Work item
Leave out every picture and set down, exactly, the lines below from the one holding "The interior features" up to and including the one holding "Набір ялинкових прикрас".

--- Data Enclosed Below ---

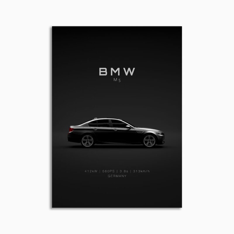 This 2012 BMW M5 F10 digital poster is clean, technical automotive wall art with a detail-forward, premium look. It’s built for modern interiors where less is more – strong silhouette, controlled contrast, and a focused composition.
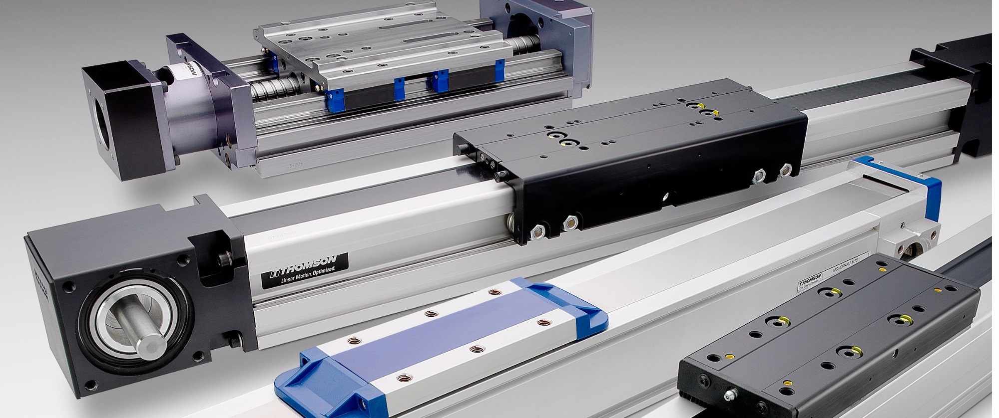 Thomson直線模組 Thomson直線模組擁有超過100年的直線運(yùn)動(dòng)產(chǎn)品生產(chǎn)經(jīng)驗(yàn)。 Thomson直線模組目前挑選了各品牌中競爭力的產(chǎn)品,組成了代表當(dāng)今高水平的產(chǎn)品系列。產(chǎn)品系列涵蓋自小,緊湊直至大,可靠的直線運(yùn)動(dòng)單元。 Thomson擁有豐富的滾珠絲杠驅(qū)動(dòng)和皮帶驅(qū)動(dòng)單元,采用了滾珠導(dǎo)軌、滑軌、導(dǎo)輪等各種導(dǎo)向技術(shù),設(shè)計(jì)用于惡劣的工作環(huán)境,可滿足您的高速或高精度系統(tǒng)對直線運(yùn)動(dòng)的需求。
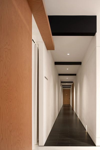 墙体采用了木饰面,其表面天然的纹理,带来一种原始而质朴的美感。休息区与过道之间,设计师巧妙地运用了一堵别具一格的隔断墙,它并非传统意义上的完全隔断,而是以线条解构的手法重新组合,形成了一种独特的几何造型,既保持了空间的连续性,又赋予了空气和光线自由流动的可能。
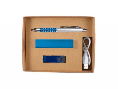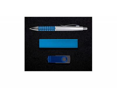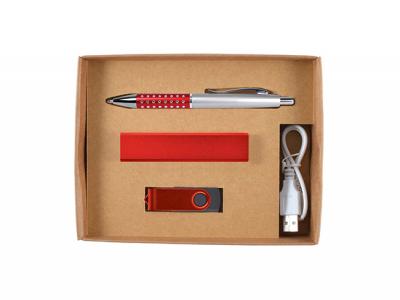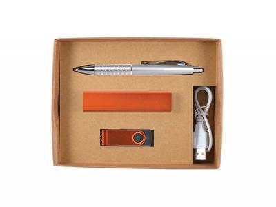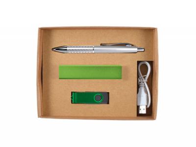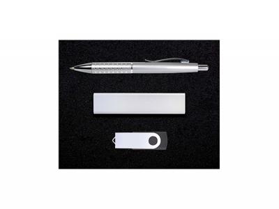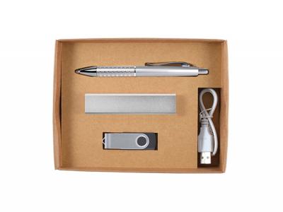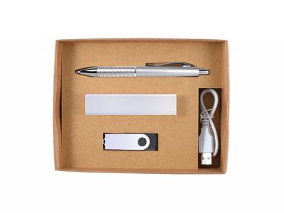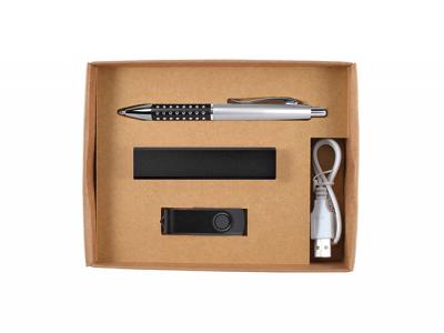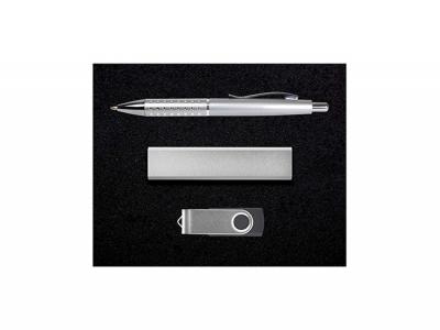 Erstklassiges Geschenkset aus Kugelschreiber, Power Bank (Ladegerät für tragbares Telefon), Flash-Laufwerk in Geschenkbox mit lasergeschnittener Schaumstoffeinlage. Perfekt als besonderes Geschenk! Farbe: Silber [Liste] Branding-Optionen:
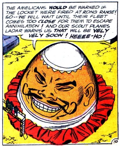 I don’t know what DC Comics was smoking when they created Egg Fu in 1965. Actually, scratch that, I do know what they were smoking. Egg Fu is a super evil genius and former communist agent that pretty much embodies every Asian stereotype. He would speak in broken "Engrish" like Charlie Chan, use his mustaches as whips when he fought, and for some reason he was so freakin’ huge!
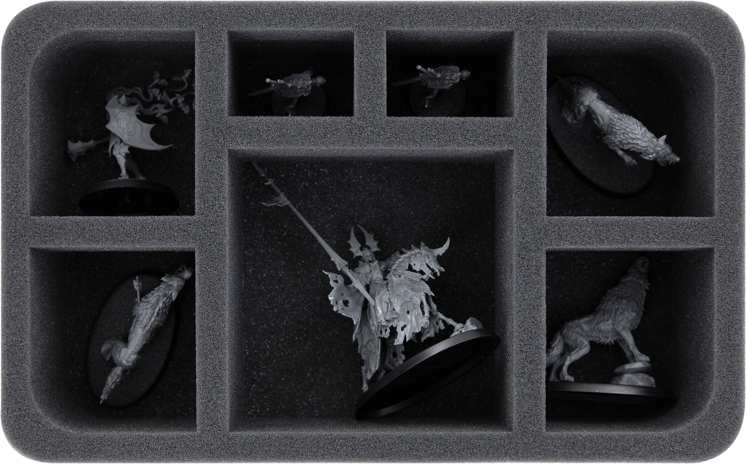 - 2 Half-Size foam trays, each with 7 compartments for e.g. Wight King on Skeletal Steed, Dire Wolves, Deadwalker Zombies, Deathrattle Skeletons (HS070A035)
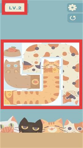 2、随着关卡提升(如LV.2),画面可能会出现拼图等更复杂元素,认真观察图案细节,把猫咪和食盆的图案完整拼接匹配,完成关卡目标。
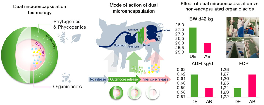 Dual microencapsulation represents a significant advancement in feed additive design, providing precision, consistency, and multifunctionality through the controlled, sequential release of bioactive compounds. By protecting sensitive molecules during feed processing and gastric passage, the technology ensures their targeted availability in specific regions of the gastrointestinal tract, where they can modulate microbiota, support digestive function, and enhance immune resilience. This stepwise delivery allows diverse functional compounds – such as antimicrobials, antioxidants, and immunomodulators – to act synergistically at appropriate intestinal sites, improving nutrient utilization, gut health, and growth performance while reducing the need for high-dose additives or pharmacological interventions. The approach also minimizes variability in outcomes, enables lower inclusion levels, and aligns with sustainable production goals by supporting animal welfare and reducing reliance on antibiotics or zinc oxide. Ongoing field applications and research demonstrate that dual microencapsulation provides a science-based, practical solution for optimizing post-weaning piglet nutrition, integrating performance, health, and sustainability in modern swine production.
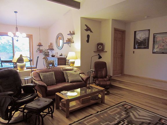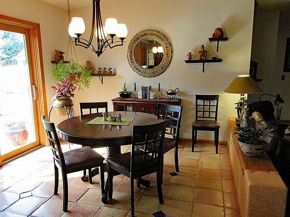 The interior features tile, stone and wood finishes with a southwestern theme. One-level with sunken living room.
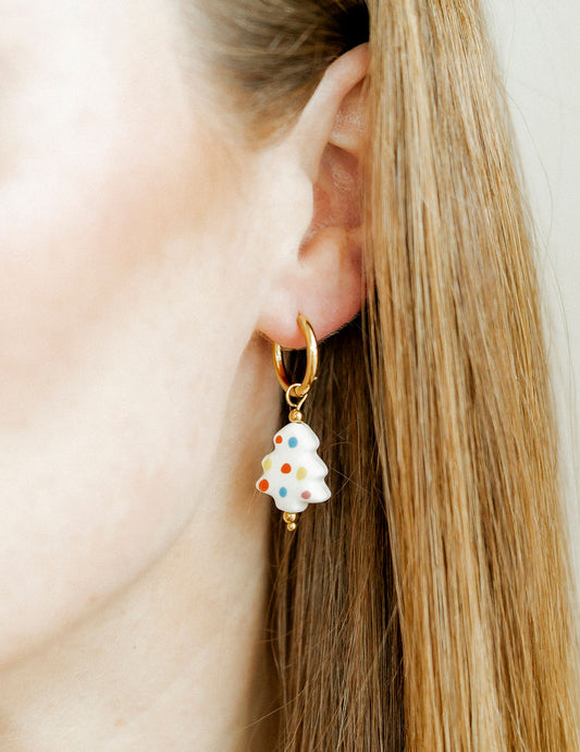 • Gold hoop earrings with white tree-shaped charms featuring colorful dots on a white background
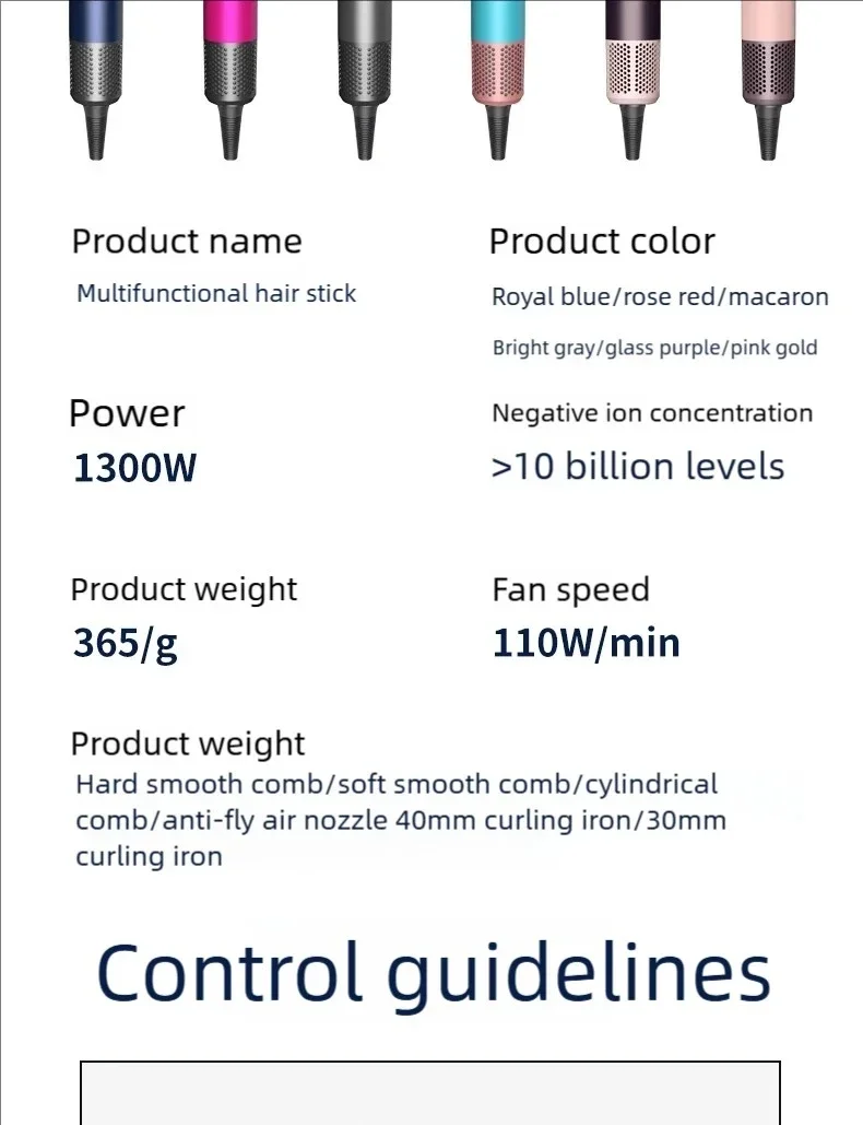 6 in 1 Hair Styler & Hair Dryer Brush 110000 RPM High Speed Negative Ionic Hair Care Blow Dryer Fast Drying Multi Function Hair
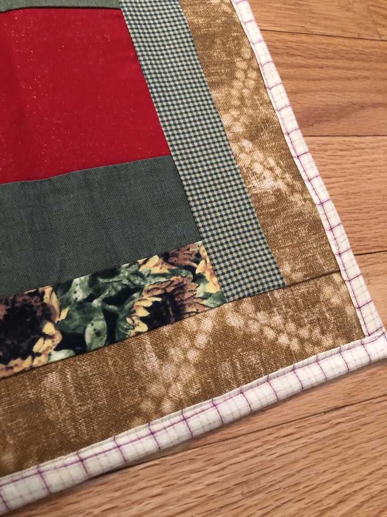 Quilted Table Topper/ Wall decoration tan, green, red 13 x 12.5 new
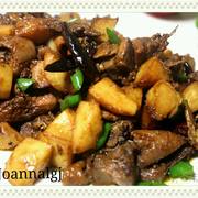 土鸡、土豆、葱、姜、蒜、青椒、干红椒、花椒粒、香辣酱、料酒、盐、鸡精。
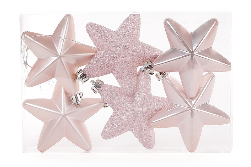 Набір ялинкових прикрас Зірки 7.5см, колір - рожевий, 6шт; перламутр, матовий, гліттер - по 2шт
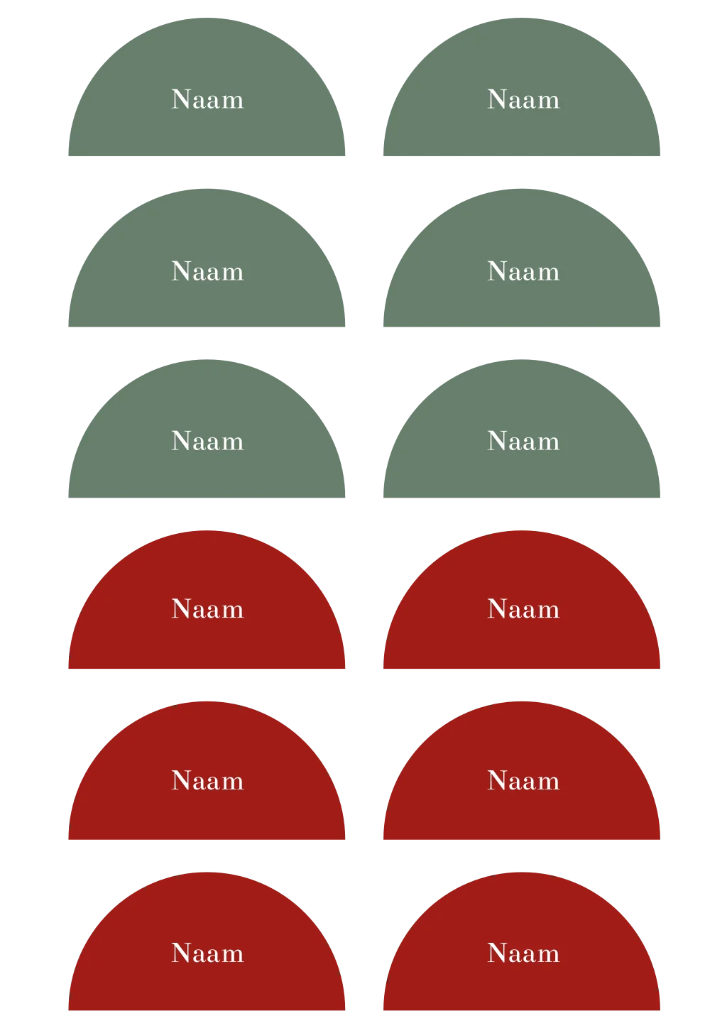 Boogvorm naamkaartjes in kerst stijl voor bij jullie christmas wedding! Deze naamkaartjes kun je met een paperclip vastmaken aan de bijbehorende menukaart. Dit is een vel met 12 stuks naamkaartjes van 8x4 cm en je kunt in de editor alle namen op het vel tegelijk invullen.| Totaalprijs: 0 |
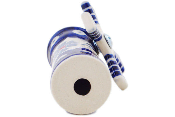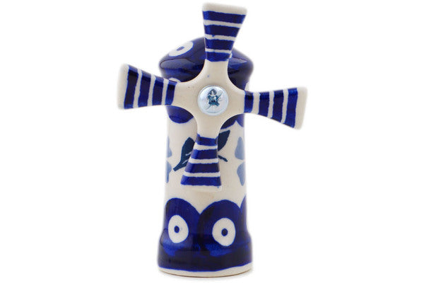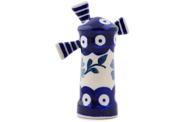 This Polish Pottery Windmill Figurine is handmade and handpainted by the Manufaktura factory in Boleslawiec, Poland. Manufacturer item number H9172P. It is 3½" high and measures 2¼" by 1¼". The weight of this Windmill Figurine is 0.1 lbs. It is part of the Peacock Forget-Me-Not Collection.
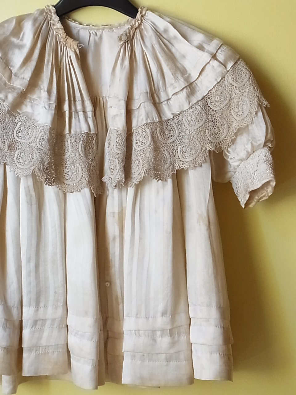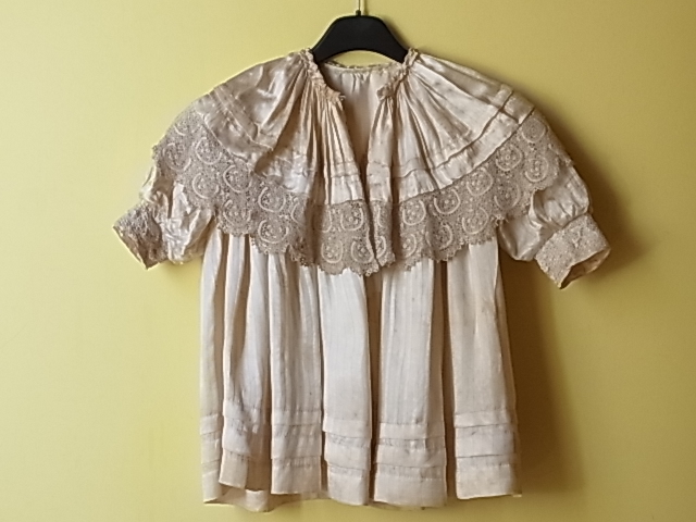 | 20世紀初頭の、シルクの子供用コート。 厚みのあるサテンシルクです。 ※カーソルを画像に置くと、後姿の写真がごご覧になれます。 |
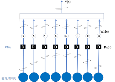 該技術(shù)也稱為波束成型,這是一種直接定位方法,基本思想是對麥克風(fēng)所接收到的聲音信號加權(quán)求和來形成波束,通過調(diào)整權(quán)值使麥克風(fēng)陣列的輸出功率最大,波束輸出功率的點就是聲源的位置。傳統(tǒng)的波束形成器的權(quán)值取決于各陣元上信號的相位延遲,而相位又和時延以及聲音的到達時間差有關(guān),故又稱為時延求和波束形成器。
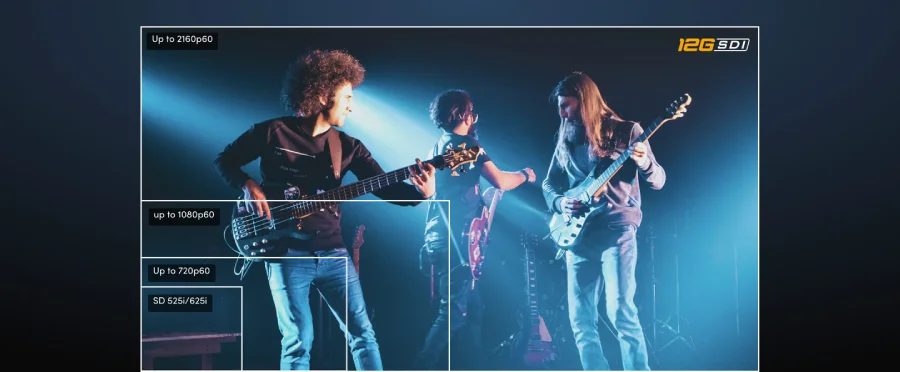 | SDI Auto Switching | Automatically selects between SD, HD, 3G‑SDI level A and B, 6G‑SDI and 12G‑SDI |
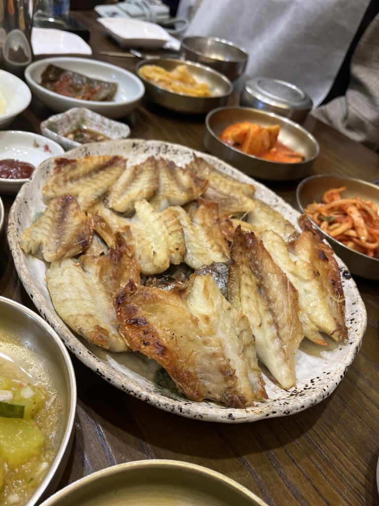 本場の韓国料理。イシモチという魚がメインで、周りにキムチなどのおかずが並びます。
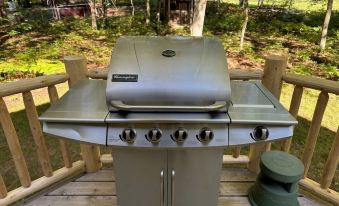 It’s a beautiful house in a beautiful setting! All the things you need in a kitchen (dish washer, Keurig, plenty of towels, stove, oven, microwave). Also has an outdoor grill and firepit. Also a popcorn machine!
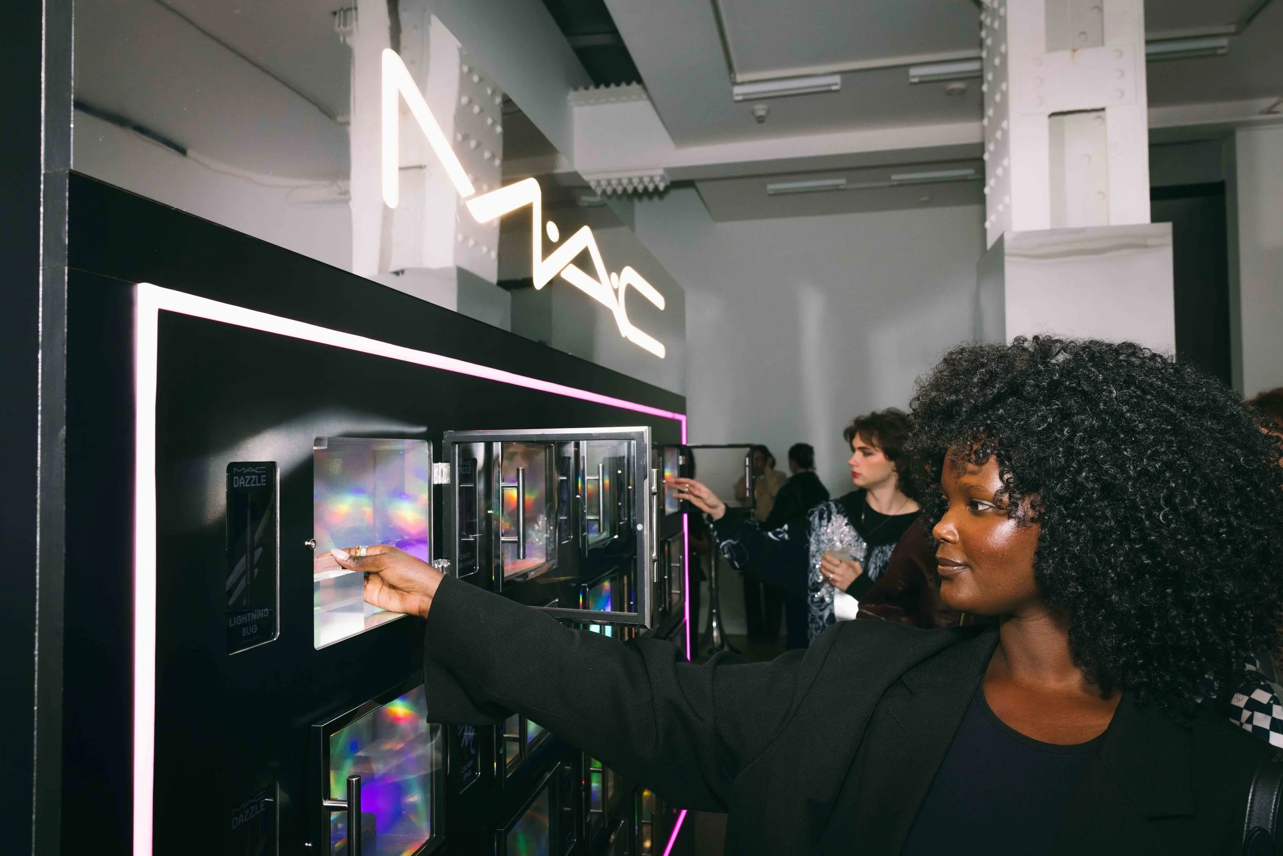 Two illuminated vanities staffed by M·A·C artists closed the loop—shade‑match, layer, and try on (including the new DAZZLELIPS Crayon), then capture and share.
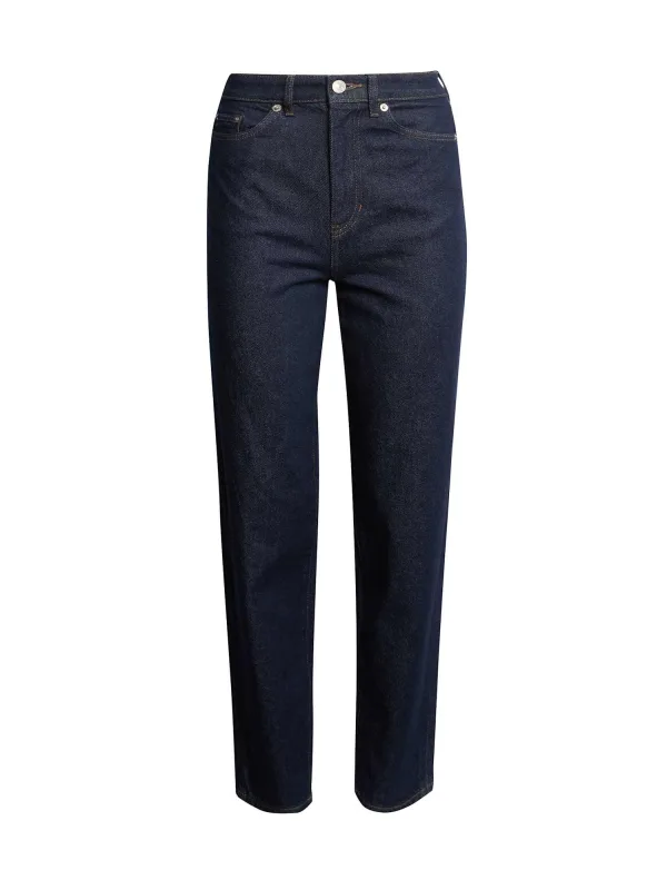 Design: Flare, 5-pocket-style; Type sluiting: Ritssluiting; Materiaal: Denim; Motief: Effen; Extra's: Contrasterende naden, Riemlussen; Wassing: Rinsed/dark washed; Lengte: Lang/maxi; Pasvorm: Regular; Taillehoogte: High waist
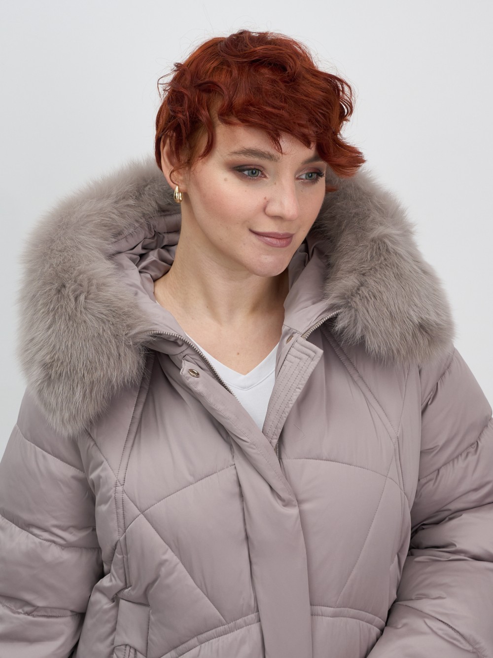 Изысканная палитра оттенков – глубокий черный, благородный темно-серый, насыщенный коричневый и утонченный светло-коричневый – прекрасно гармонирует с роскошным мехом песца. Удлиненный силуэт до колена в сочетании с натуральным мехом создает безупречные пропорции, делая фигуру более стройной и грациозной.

--- End of Enclosed Data ---

Written response
 The interior features tile, stone and wood finishes with a southwestern theme. One-level with sunken living room.
 • Gold hoop earrings with white tree-shaped charms featuring colorful dots on a white background
 6 in 1 Hair Styler & Hair Dryer Brush 110000 RPM High Speed Negative Ionic Hair Care Blow Dryer Fast Drying Multi Function Hair
 Quilted Table Topper/ Wall decoration tan, green, red 13 x 12.5 new
 土鸡、土豆、葱、姜、蒜、青椒、干红椒、花椒粒、香辣酱、料酒、盐、鸡精。
 Набір ялинкових прикрас Зірки 7.5см, колір - рожевий, 6шт; перламутр, матовий, гліттер - по 2шт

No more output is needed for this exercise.